Using the preprocessed data, construct an inverted index consisting of: a dictionary entry for each unique term in the document set and an associated posting list for each entry. Each posting list should contain the IDF (inverse document frequency) of the term, the IDs of all documents in which the term appears, the normalized and un-normalized TF (term frequency) and positions it appears (within-document frequency counts).
Because we have a small document collection, it is simplest to store the index in a single file, such as shown in Figure 2. Here, each line in the file represents one dictionary entry (sorted lexicographically), followed by its postings containing the IDF and the pairs of document ID, normalized TF, TF and positions. (Single spaces are used as delimiters between document entries, colons serve as delimiters between a document id, its term frequency and positions, commas are used as delimiters among the positions.) For example, the term "advertisers" occurs twice in document 79, as the 94th and 102nd words. Since it occurs only in one document, its DF equals 1 and the IDF (suppose we have 1000 documents in the collection) is log2 (1000/1) = 9.966.

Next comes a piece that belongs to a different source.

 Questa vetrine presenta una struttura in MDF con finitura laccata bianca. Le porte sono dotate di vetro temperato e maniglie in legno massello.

In this homework, the IDF is defined as log2( N / DF), where N is the total number of documents in the collection). And the normalized TF is defined as TF/maxTF , where maxTF is the maximal term frequency in the same document.
adversaries 8.966
32:0.125:1:24
55:0.25:1:67 adversely 7.966 54:0.25:1:23 356:0.05:1:103 454:0.0625:1:111 634:0.2:1:57 adverserial 9.966 342:0.4:4:23,54,89,45 advertisers 9.966 79:0.25:2:94,102 advertising 8.38 736:0.125:2:45,77 766:0.33:2:4,67 810:0.04:1:26 advice 8.38 178:0.125:1:44 467:0.5:3:12,45,86 687:0.08:2:25,65 |
In order to construct the index, you will need to:
You may assume a "term" is any sequence of consecutive non-whitespace characters (i.e.you do not have to filter out stopwords and do stemming). And you can scan the collection multi-pass to simplify the algorithm (i.e. you create the dictionary at first pass, then build the index at the second pass).
Stopword Removal and Word Stemming (10 points)
Augment your
indexer by including support for stopword removal and word stemming.

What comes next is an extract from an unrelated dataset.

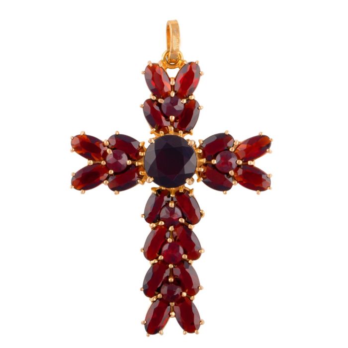 Dieses Schmuckstück ist komplett besetzt mit insgesamt 27 Granatsteinen in verschiedenen Schliffen. Alle sind in Krappenfassungen.

The stopword file is available with the current distributiion, and the Porter Stemmers Source Code in C/Java/Perl are also available. Add them into your index construction routines, how much does this reduce the size of the index?
You can check whether your stemmer works correctly by the sampled words and their stems (download).

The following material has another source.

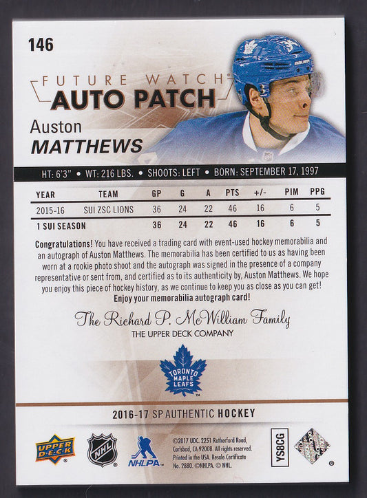 AUSTON MATTHEWS - 2016 SP Authentic Future Watch Auto Patch #146, /100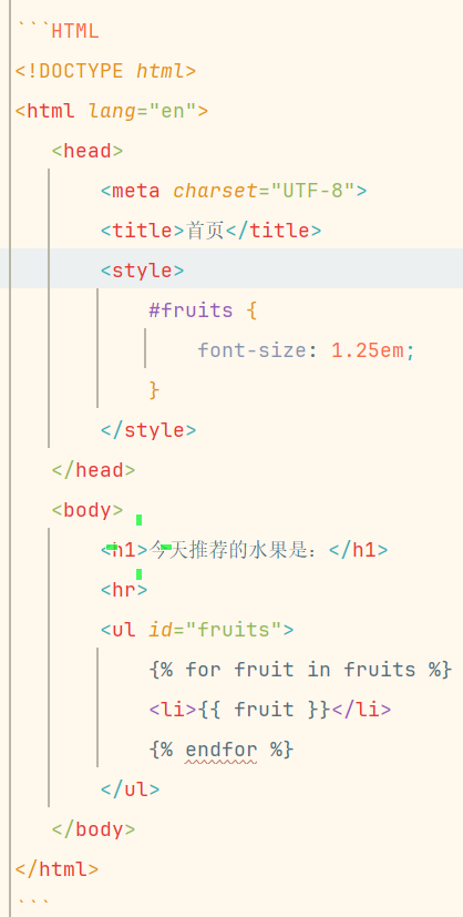 在上面的模板页中我们使用了{{ fruit }}这样的模板占位符语法,也使用了

You are encouraged to use Java to do the assignment, although a language such as Perl, C or C++ is also OK. If you really want to use Perl/C/C++, talk to TA first.
You will do the assignment in groups of 3 people. Each group is expected
to hand in one solution (please include the names of all group members in the
source code comments). Your solution should consist of three parts: (1) source
codes for the indexer (2) a file named reuters.index containing the inverted index itself (3) a written
discription of main data structure and algorithm.
Solutions should be submitted electronically before 7:00pm July 25,
2002 as follows: Source code & Index file for the extra credit problem should be submitted the same
way (in a DIFFERENT file) To make sure the mini-corpus contained articles which were relatively
interesting to index, two additional preprocessing filters were used: articles
containing mostly numbers (> 30%) and any without text in the body were
skipped.
The perl script which does this is also availble.
/afs/andrew/course/20/760/students/yourandrewid/
If you have any questions or problems
accessing/submitting the files, send email to jianzhang@cmu.edu.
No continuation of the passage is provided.